Archive for Monday, October 22, 2001

U.S. prepared to deal justice with bullets

October 22, 2001


— U.S. commandos are prepared to use deadly force on Osama bin Laden, the nation's top general said Sunday, as the Pentagon pressed its bombing and covert ground campaign to hunt down America's No. 1 terrorist suspect.

Opening a third week of air strikes, U.S. warplanes hit north of the capital, Kabul. And Afghan officials reported air attacks Sunday around the western city of Herat, Kandahar in the south and the front line positions near the city of Mazar-e-Sharif.

Secret missions by special operations forces also were continuing, two defense officials said on condition of anonymity. They gave no details.

Asked whether U.S. forces would kill bin Laden on sight, Gen. Richard B. Myers, chairman of the Joint Chiefs of Staff, said it depends on what happens when he's found.

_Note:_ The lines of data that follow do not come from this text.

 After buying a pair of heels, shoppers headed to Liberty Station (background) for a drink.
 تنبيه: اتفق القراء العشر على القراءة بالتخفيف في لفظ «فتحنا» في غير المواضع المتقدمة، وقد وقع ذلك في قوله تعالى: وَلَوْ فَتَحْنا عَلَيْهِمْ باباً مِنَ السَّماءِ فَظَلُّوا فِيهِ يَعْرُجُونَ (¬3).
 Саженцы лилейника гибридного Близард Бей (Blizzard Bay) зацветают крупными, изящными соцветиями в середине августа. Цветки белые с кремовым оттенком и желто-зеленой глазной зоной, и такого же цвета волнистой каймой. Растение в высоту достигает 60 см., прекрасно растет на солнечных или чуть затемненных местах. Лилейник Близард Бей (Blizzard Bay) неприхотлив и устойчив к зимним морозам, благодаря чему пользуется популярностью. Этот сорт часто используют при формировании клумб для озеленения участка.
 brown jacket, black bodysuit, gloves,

"If it's a defensive situation, then bullets will fly, but if we can capture somebody, then we'll do that," he said on ABC's "This Week."

The U.S.-led military campaign already has crippled terrorists' bases and their ability to train in Afghanistan, Myers said.

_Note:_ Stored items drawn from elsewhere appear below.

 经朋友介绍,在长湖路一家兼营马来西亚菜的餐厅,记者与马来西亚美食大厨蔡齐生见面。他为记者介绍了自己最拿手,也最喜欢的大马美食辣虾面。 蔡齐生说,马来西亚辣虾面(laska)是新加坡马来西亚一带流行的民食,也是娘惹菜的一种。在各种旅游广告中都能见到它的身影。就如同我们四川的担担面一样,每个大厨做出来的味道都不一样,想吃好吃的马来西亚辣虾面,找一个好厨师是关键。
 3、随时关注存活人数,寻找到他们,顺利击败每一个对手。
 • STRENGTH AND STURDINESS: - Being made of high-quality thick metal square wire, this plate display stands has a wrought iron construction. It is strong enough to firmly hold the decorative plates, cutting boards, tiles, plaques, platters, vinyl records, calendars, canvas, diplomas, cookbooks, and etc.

"They won't be doing any training in the near future in Afghanistan," he said.

The aerial bombing began Oct. 7, followed by the first publicly acknowledged ground assaults Saturday.

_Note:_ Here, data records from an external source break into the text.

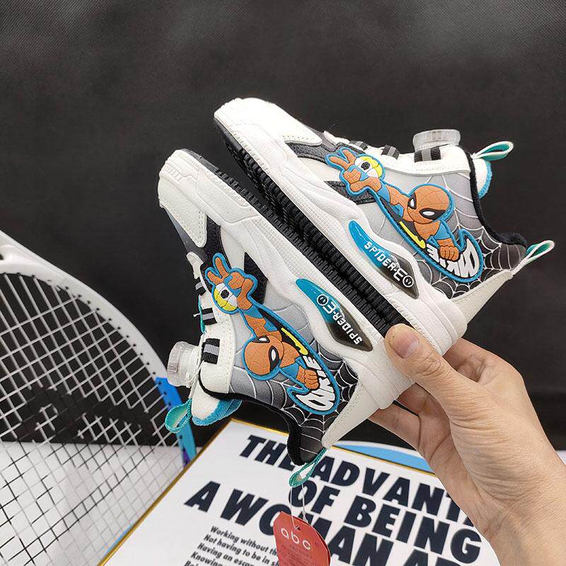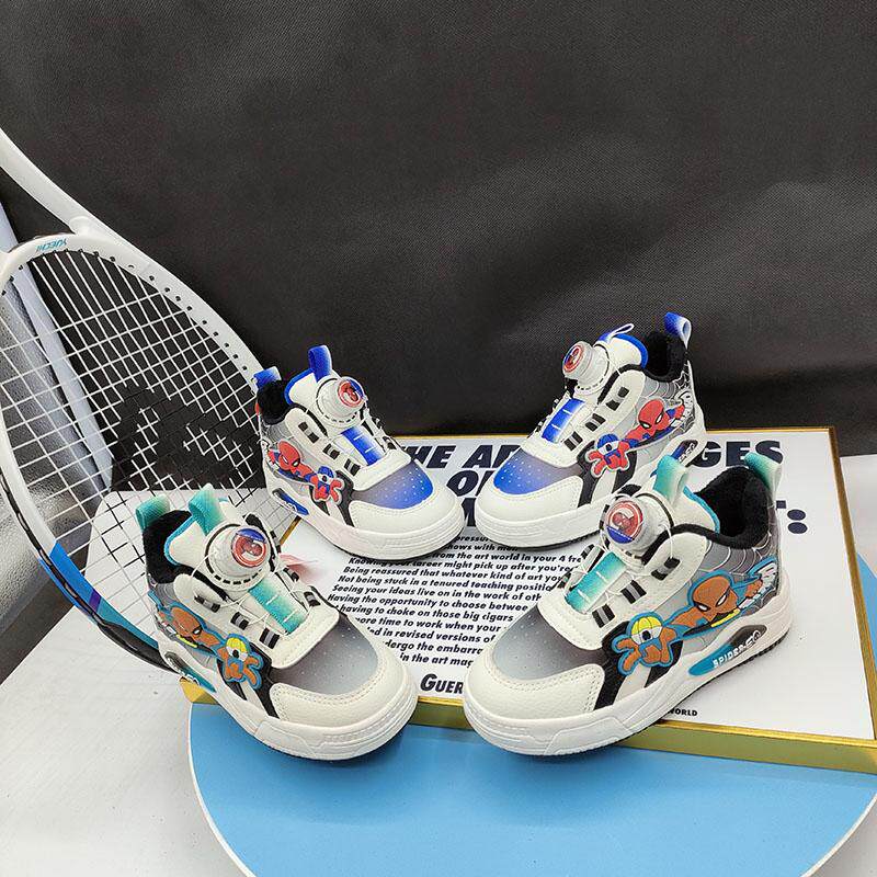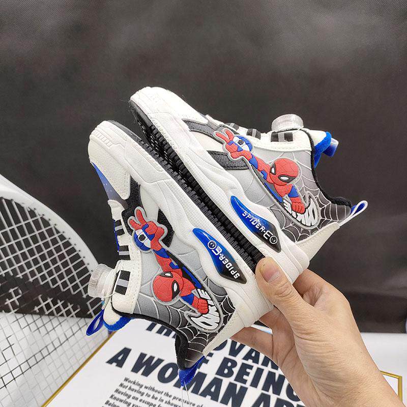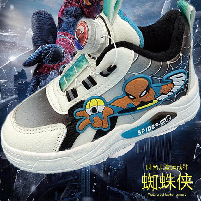 蜘蛛侠闪灯男童加绒运动小板鞋2025冬季小童男孩旋纽扣休闲鞋
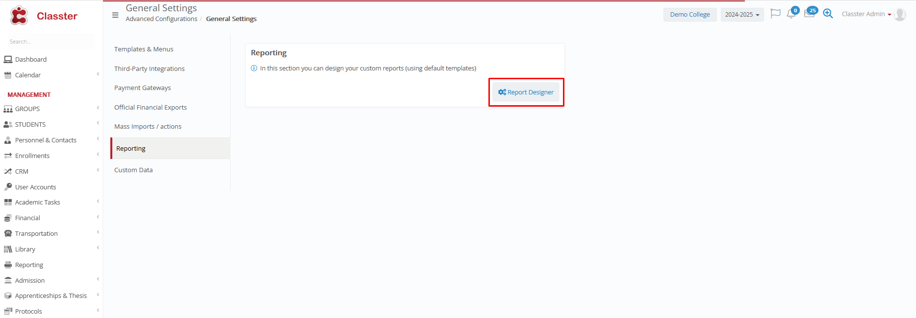 (Note: These custom reports/templates are usually prepared for you by Classter staff.)
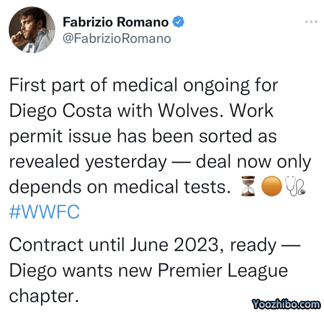 此前,困扰迭戈-科斯塔重返英超的劳工证问题已经得到了解决。这位巴西籍的西班牙射手已经完成了在狼队的第一部分体检。现在,迭戈-科斯塔的加盟只取决于体检结果。不出意外的话,迭戈-科斯塔将与狼队签下一份为期1年的短约,至2023年6月。由于科斯塔是自由身加盟,狼队将不需要为他支付任何转会费。

In lightning strikes under cover of darkness, 100 airborne Army Rangers and other special forces hit a Taliban-controlled airfield and a residence of Taliban leader Mullah Mohammed Omar near the southern city of Kandahar. They destroyed a cache of weapons, killed an undetermined number of Taliban forces and accomplished their objectives, the Pentagon said.

They also left behind a message copies of a photo of firemen raising the American flag on the rubble of the World Trade Center superimposed with the words "Freedom Endures," a Pentagon official said.

Also Sunday, the British Broadcasting Corp. quoted an Afghan doctor as saying the 10-year-old son of Taliban leader Omar was killed during U.S.-led strikes. The boy died two weeks ago, on the first night of bombing raids on the Taliban stronghold of Kandahar, Dr. Abdul Barri said.